Wrecked by Nicholas’s death, Bee was in no condition to bring up a child, and her parents did not feel able to do so either, so Verity Hunt took over. She adopted Zillah, and then seven years later, when Bee was finally well enough to look after herself again and live a normal life, Verity invented the “second cousin” story so that Bee could become a regular presence in Zillah’s life and have a close relationship with her daughter. Regularly in the years that followed, Verity advised Bee to tell Zillah the truth, but Bee refused. She feared Zillah would reject her altogether if she knew that, for seven years, Bee had neglected her motherly duties—that was how Bee put it to herself, at any rate. No matter how often Verity told her to stop being ashamed of herself when she had done nothing wrong, Bee chose to remain the unsullied aunt in Zillah’s life rather than risking presenting herself as the mother who abandoned, however involuntarily, her daughter.

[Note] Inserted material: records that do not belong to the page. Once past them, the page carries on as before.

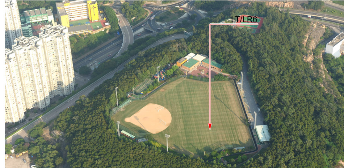
LT/LR6 Grass Sports Pitch Within Sai Tso Wan Recreation Ground
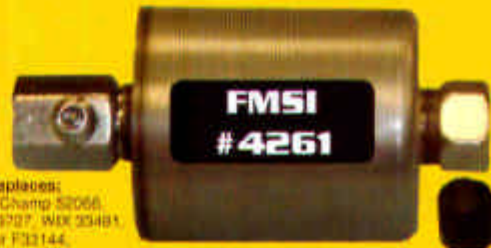
Fuel Filter with Pump Pressure Test Valve.

Replaces: Service Champ 52073, Fram G3715, WIX 33311, Purpator F54714, AC Delco GF878
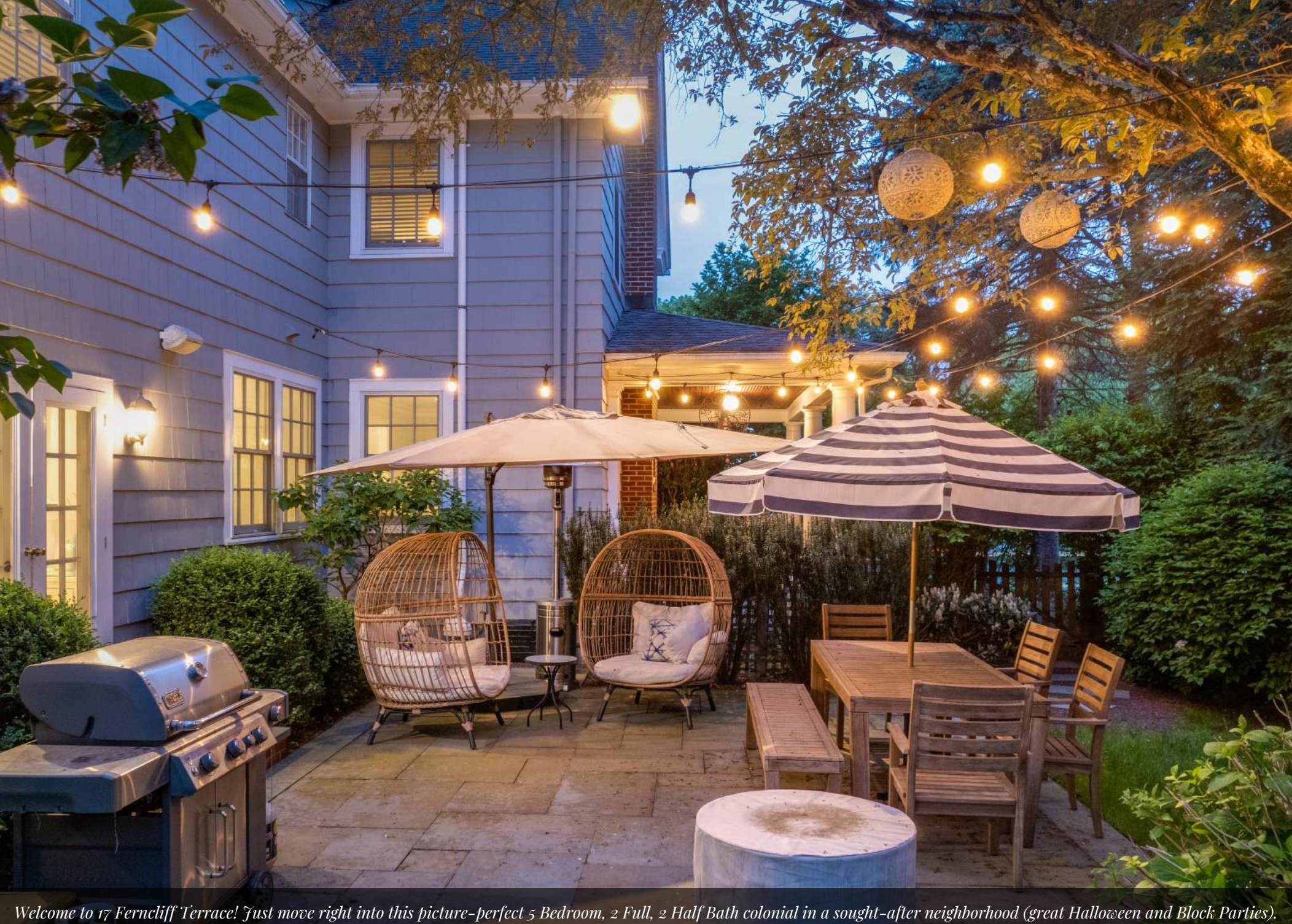
Welcome to 17 Ferncliff Terrace! Just move right into this picture-perfect 5 Bedroom, 2 Full, 2 Half Bath colonial in a sought-after neighborhood (great Halloween and Block Parties). With an exceptional location close to Glenwood School, downtown Millburn restaurants and shopping, Millburn High School (bus to MS), Short Hills Train Station, and Hartshorn Arboretum, 17 Ferncliff is just waiting to be called home.
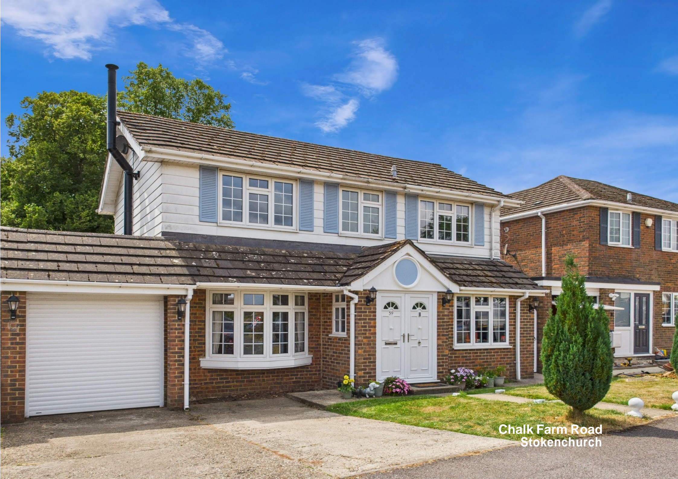
Chalk Farm Road Stokenchurch
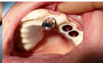
After insertion of the implant in region 21, the insertion aid remains for fixation
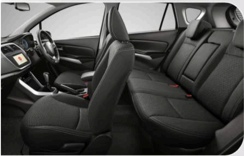
Spacious Interior with Comfortable Seats

Langkahkan kaki ke dalam New SX4 S-CROSS dan rasakan sentuhan seni di dalamnya. Dibalut bahan berkualitas serta berbagai fitur lainnya yang membuat penjelajahan Anda semakin nyaman.
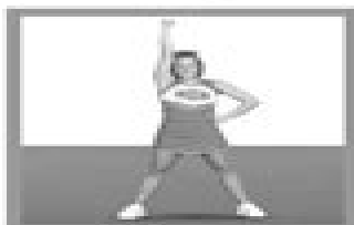
PUNCH One arm extended straight up, one arm on hip, in a fist
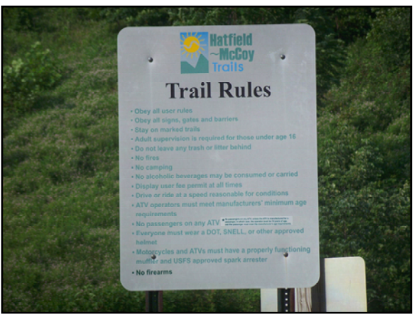
Whether or not you are on a trail or on a road, everyone must obey the rules!
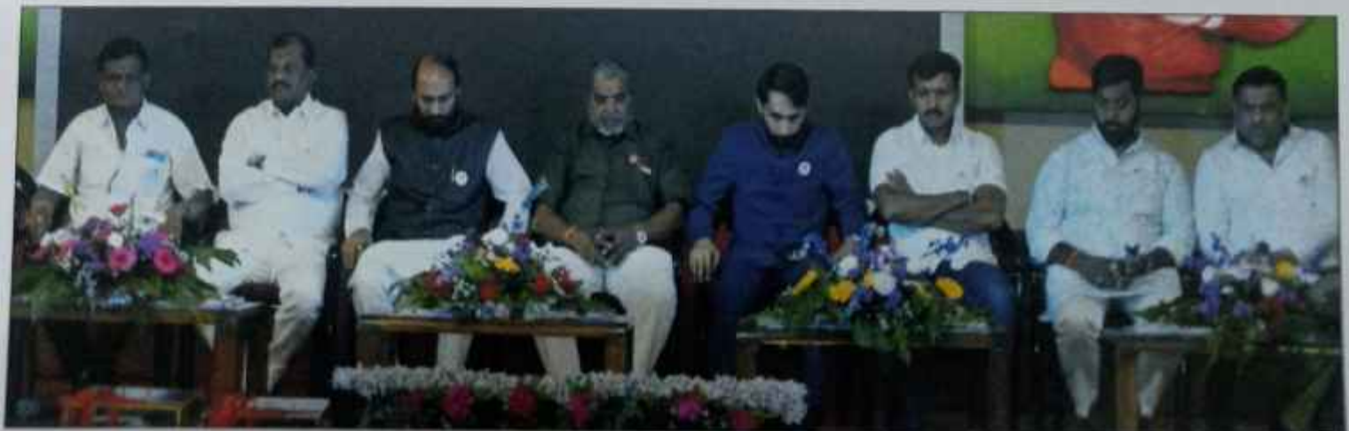
7 th Yuva Sansad - Dignitaries on the Dais
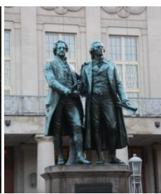
Trier (Porta Nigra), Martin Luther, Weimar, Frankfurt Skyline, Regensburg

period of the Classicism and persons like Goethe and Schiller in Weimar , and finally the modern Germany in cities like Frankfurt and Berlin .
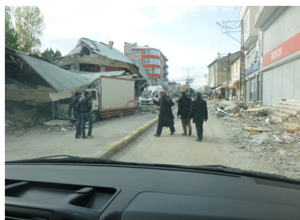
Figure 10. Vehicles trapped under the collapsed buildings.

centre revealed the fact that even major buildings did not have such facilities. The importance of this emphasised during the technical meetings with the local authorities and they were asked to show zero tolerance for the non-construction of these basements as the construction would increase the cost of the building to some extent.
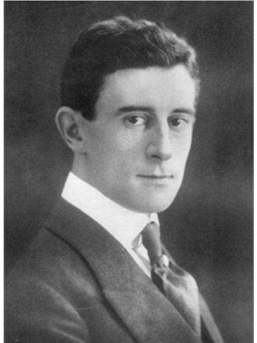
Ravel in 1913

Ravel was born in south-western France to a Basque mother and Swiss father but spent his entire life in Paris. Like Tchaikovsky, he saw a strong connection between childhood and enchantment. In his opera L’enfant et les sortilèges a destructive child learns the value of compassion when furniture, trees and animals in the garden all come magically to life. The evocation of ‘the poetry of childhood’ in the original piano duo version of Mother Goose led Ravel to ‘simplify my style and refine my means of expression’.
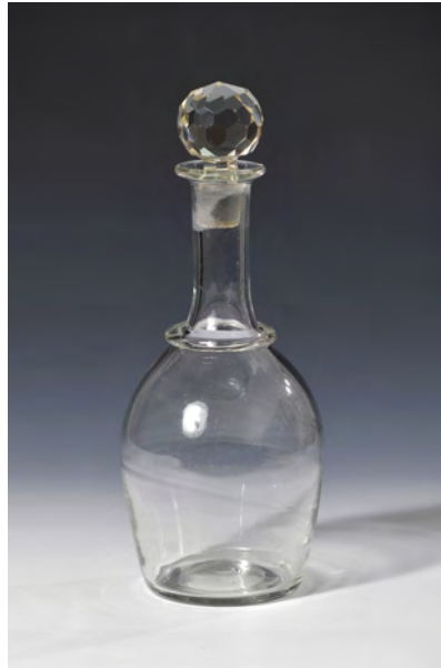
No. 289 $425 Large Decanter, facet ball stopper, tall neck with basal ring, shouldered plain body, polished out pontil. French c. 1860.

Verity, Bee and Zillah all lived together in South Devon until about two years ago. It was only in November 1929 that Verity visited a friend in Norfolk, saw Duluth Cottage with a “For Sale” sign outside it, and fell in love. She and Zillah had soon moved to their new home, and of course Bee followed them a few weeks later. Bee and Zillah, both nurses, found work at St. Walstan’s hospital. None of them had the slightest idea that Iris, the monstrous sister who disappeared all those years ago, had become Vivienne Laurier and lived only a short distance away, in Frellingsloe House.
One thing I would like you to know, Edward, is that Bee can see that I am no longer the Iris she knew. She has a new sister now: me, Vivienne. She loves me, and I love her. It is a wonderful blessing to have this happen at the end of my life, and it is a great comfort to Bee to know that I was so shocked by Iris’s behavior toward her that I took the steps I did to ensure that wicked creature would cause no harm to others in the future.
I am glad, in spite of everything, that your mother persuaded me to invite you and M. Poirot to Frellingsloe House. My darling late husband, with whom I am constantly in communication (no, I do not expect you to believe it, but it is true nonetheless), is tickled pink that his murder was solved by the great Hercule Poirot.